In the following calculations, E11 is the expected frequency of the first row and the first column. E12 is the expected frequency of the first row and the second column.
- E11=(26*32)/100=8.32, E12=7.02, E13=10.66
- E21=16.32, E22=13.77, E23=20.91
- E31=7.36, E32=6.21, E33=9.43
Similarly, we calculate the expected frequencies for the entire table, as shown in the succeeding image.
Let us calculate the chi-square data points by using the following formula.
Chi-square points=(observed-expected)^2/expected
We apply the formula “=(B4-B14)^2/B14” to calculate the first chi-square point.
We copy and paste the formula to the remaining cells. This is done to fill values in the entire table, as shown in the following image.
Let us calculate the chi-square calculated value by adding all the values given in the succeeding table.
The chi-square calculated value is 18.65823.
To calculate the critical value, we use either the chi-square critical value table or the CHISQ formula. The formula “CHISQ.INV.RT” contains two parameters–the probability and the degrees of freedom.
The probability is 0.05, which is a significant value. The df is equal to 4.
The chi-square critical value is 9.487729037.
Let us find the chi-square p-value with the help of the following formula.

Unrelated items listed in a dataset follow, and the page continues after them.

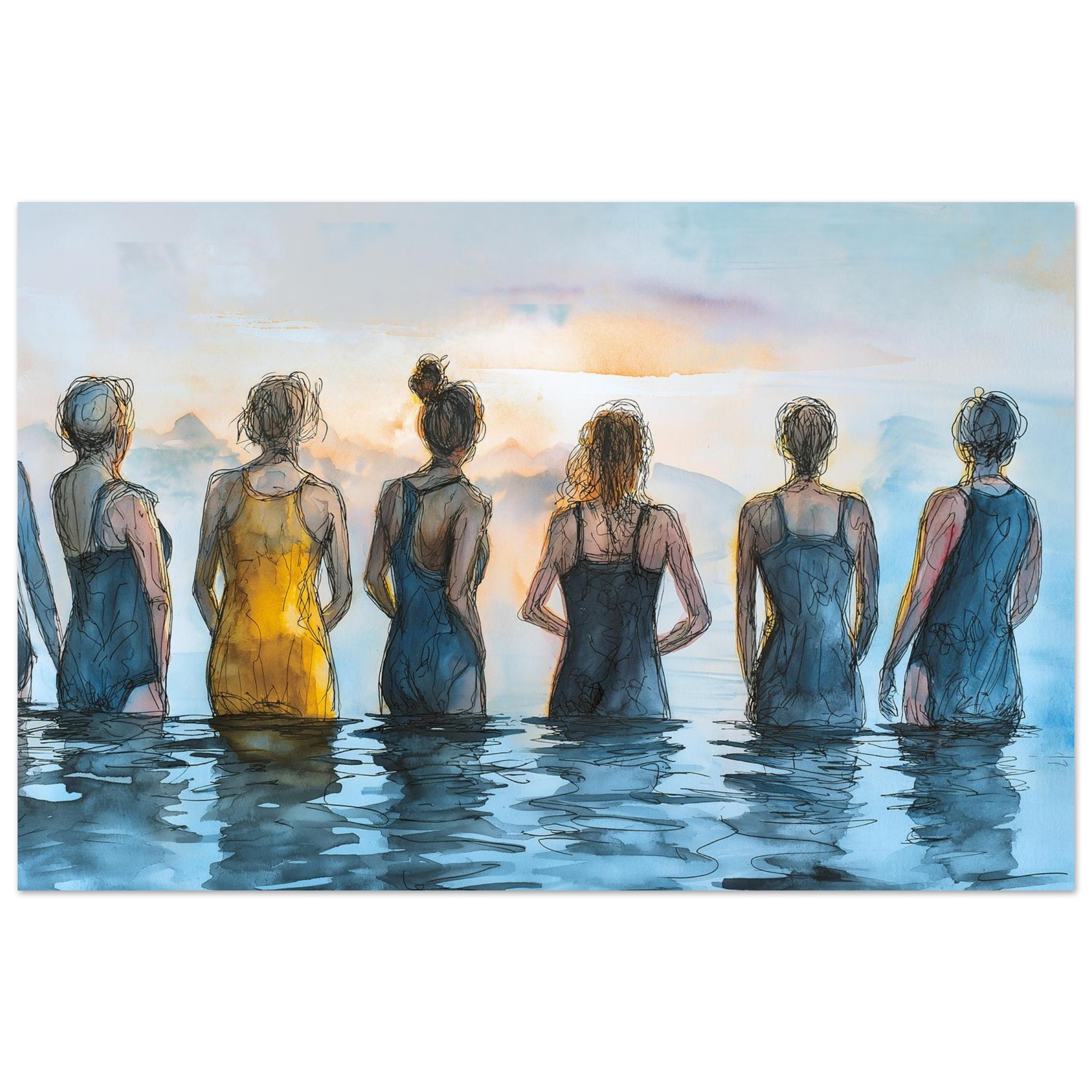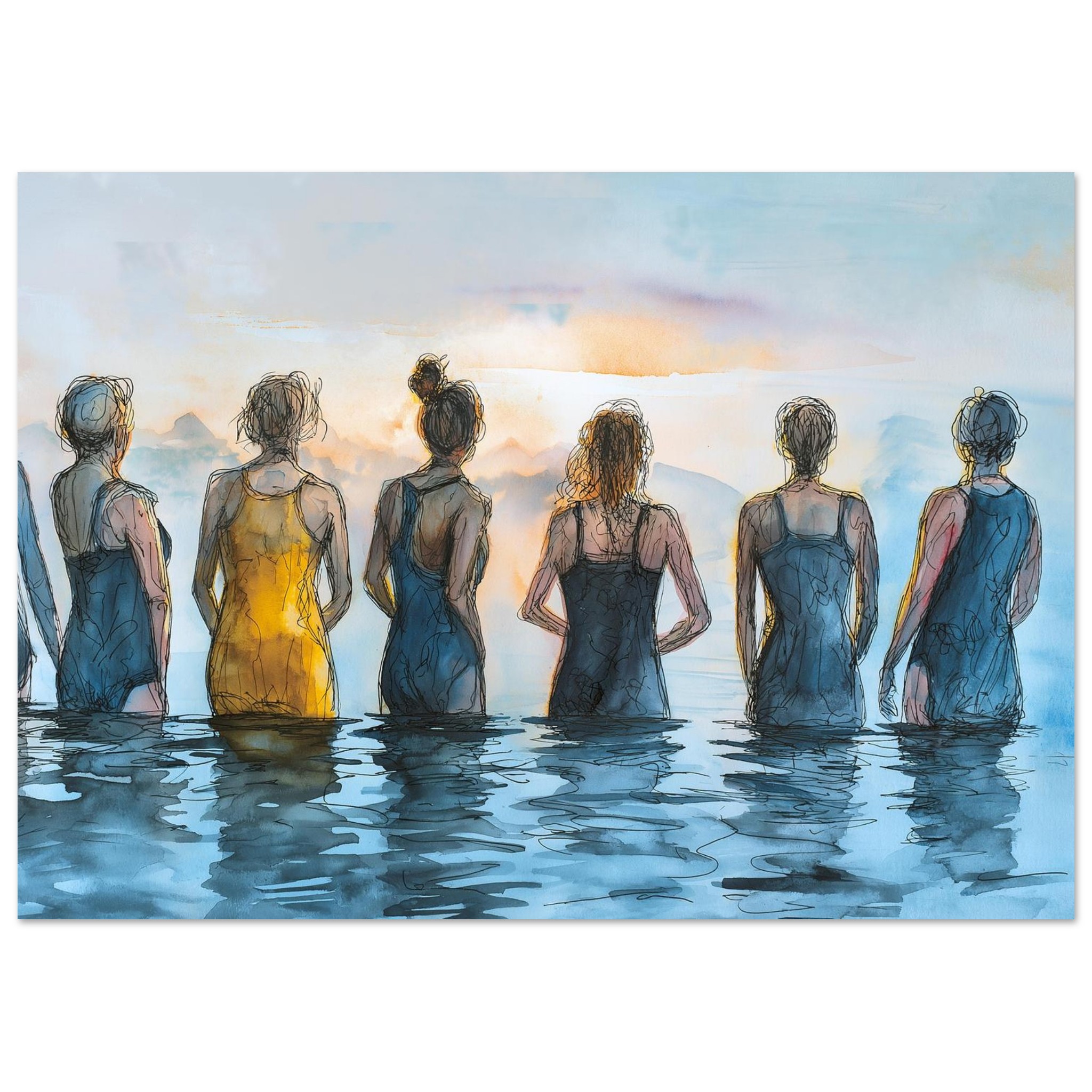 Awaken your space with the quiet intensity of First Light, Cold Embrace, a fine art print that captures the ethereal stillness of early morning open water. Inspired by the raw beauty experienced by wild swimmers at the break of day, this artwork is a tribute to the solitude, strength, and serenity found in cold water immersion.
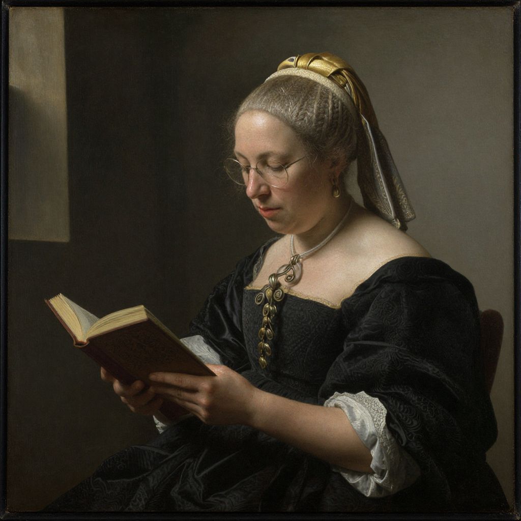 Photograph of a 17th-century-style woman with glasses, wearing a black dress with lace, reading a book, against a dark background.
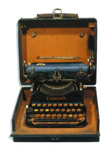 一臺打字機 一臺打字機,小巧別致,略有殘破,機身固定在黑色皮紙包裹的木盒內(nèi),合起來如同一只微型手提箱,打開箱蓋則能立即進入工作模式。這臺打字機牌子為“CORO-NA”,曾被李大釗使用過。
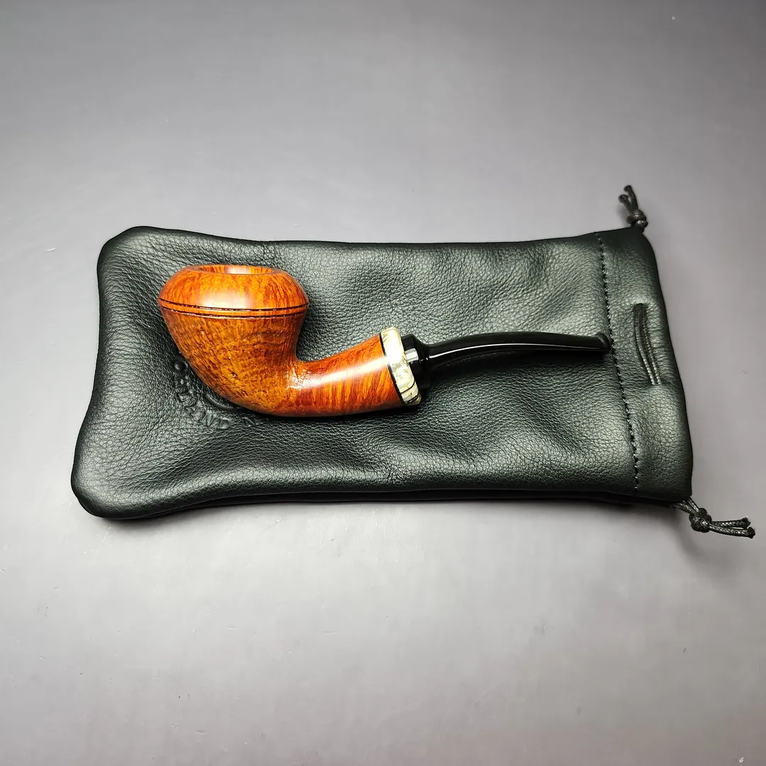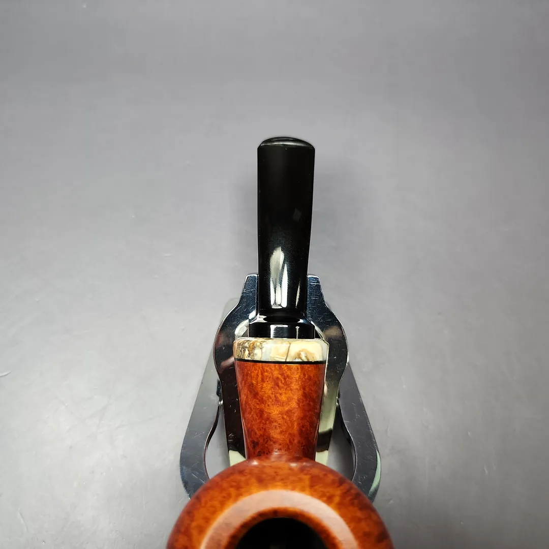 One of the pipes that first drew me to the work of Sebastian Heck was a Rhodesian he’d made, which I soon learned was a shape he periodically returned to. Heck’s approach to the Rhodesian is an interesting one, leaning slightly toward certain Danish renditions, but more so to those of 21st century American masters, such as Rad Davis or Don Marshall (a personal favorite of mine). This one is an excellent, mixed-finish version of the shape, with a crisp, ring grain sandblast around the bowl and smooth polished sections on its rim and shank. As with Heck’s Rhodesians that first caught my attention, this one features a beautiful shank accent cut from fossilized mammoth molar.
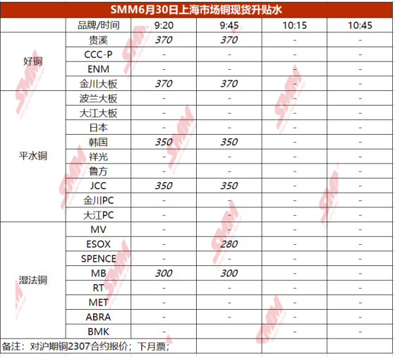 6月30日上海市场铜现货升贴水(第二时段)【SMM价格】
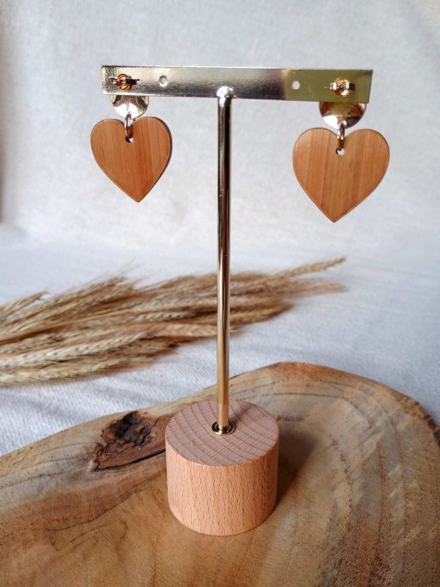 Boucles d'oreilles modèle Cœur tons bois motif chevron
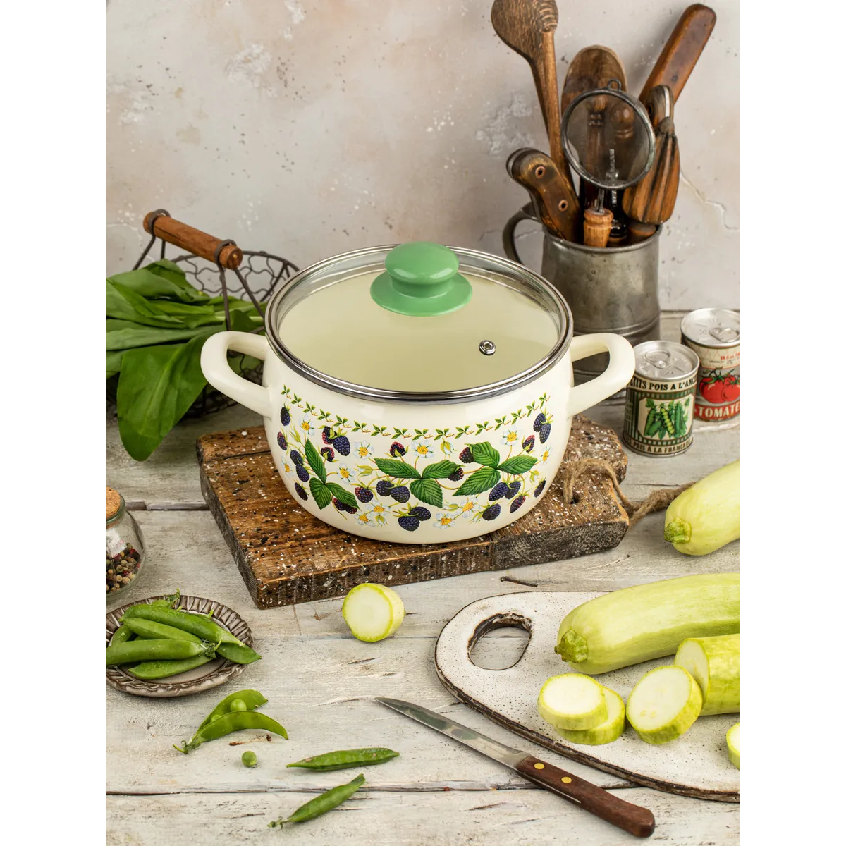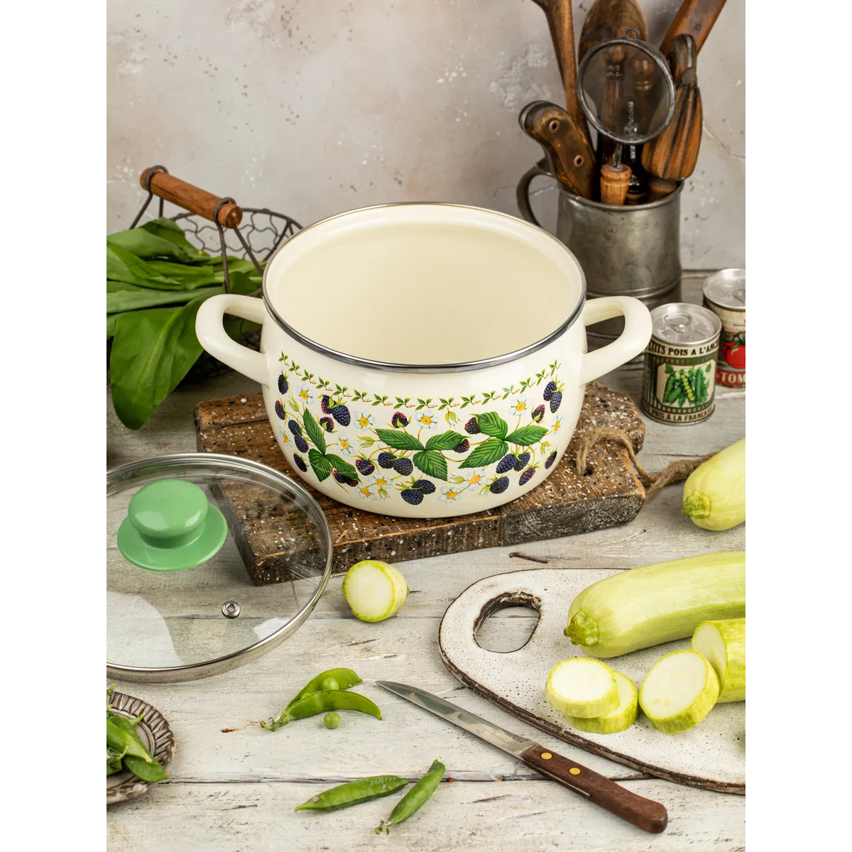 Кастрюля эмалированная Metrot Ежевика, с крышкой, 5,7 л
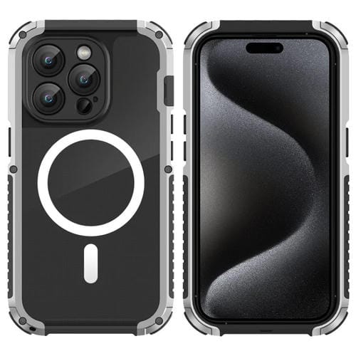 Caja de Teléfono para iPhone 15 Pro Magsafe Metal a Prueba de Golpes (Plata)
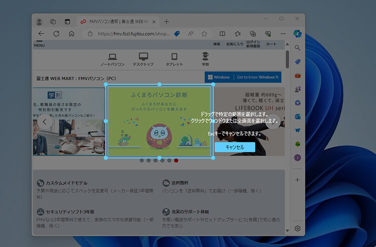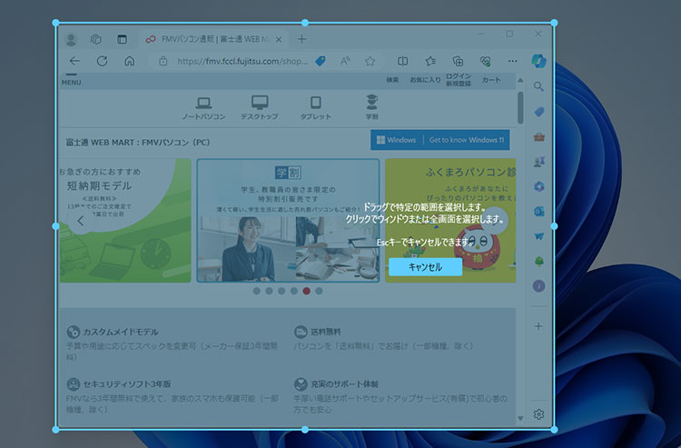 「範囲選択」をクリックした後、キャプチャする範囲をドラッグして指定します。
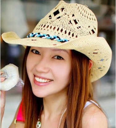 這款帽子是不是帶有濃濃的西部風(fēng)情呢?藍(lán)色與白色的串珠,增加了一處亮點(diǎn)。
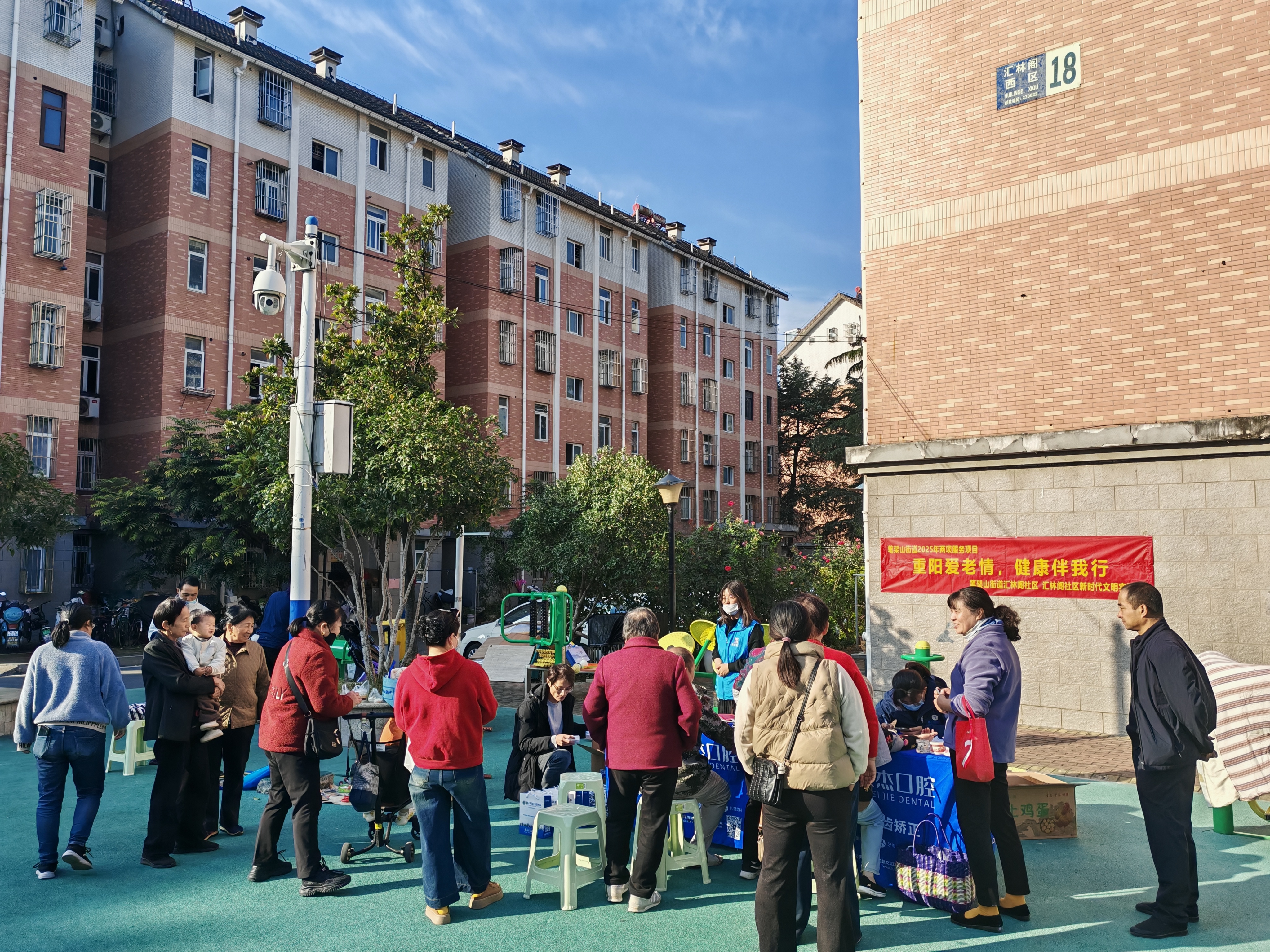 10月29日上午,为弘扬中华民族尊老敬老的传统美德,合肥市蜀山区笔架山街道汇林阁社区党委、汇林阁社区新时代文明实践站联合辖区医疗机构在汇林阁西区开展主题为“重阳爱老情,健康伴我行 ...
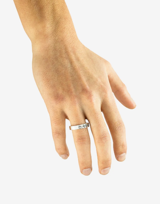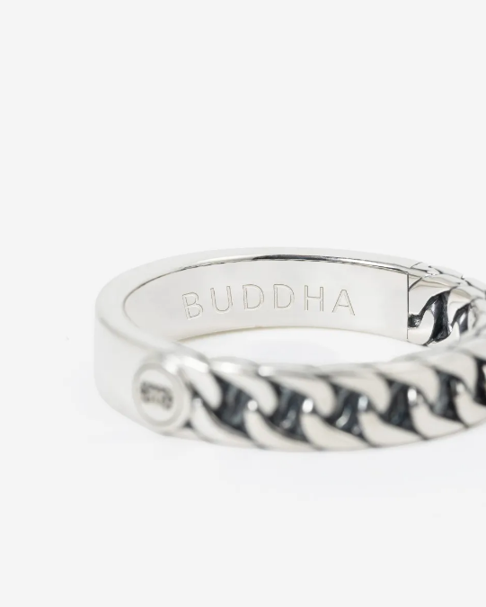 De Esther Small Dual Ring is vervaardigd uit gerecycled sterling zilver. Dankzij de combinatie van een gladde zijde en het geweven Esther-patroon is deze ring graveerbaar. Laat jouw persoonlijke verhaal versmelten met deze veelzijdige ring. Deze ring is kleiner dan de Esther Dual Ring, maar groter dan de Esther Mini Dual Ring, en daardoor perfect te combineren met andere sieraden uit de Esther-collectie van Buddha to Buddha. Ontworpen in Amsterdam en op duurzame wijze geproduceerd in Zuidoost-Azië. Wij geloven dat elk sieraad een eigen ziel heeft. Wat betekent dat voor jou?
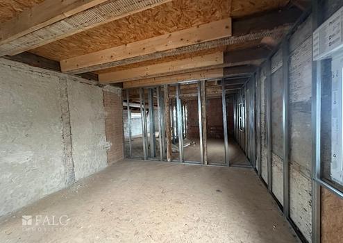 Die Fehlböden der Decken wurden entfernt und durch OSB-Platten auf stabilisierten Holzbalken ersetzt.
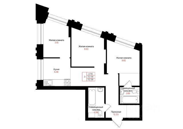 Евро-двухкомнатная: спальня 10,2 м2 и большая кухня-гостиная 19,8 м2 с красивыми видами из окна, в коридоре есть вместительная ниша для хранения хоз принадлежностей, сезонных вещей + шкаф для верхней одежды.

“=CHITEST(actual_range,expected_range)”
We apply the formula “=CHITEST(B4:D6,B14:D16).”
The chi-square p-value is= 0.00091723.
The chi-square calculated value is significant when equal to or more than the chi-square critical value (tabulated value). The null hypothesis (H0) is rejected if the chi-square calculated value is greater than the chi-square critical value.
Here x2 (calculated)>x2 (tabulated) or 18.65>9.48. Hence, we reject the null hypothesis and accept the alternative hypothesis.
The p-value can also determine whether the null hypothesis must be accepted or rejected. For this, the p-value is compared with alpha (α) in the following way:
- If p-value <= α, the null hypothesis is rejected.
- If p-value > α, the null hypothesis is accepted.
In this example, p-value<α or 0.0009172<0.05. So, we reject H0 and accept H1.
We conclude that the quality of service is dependent on the salary of customers waiting to be served.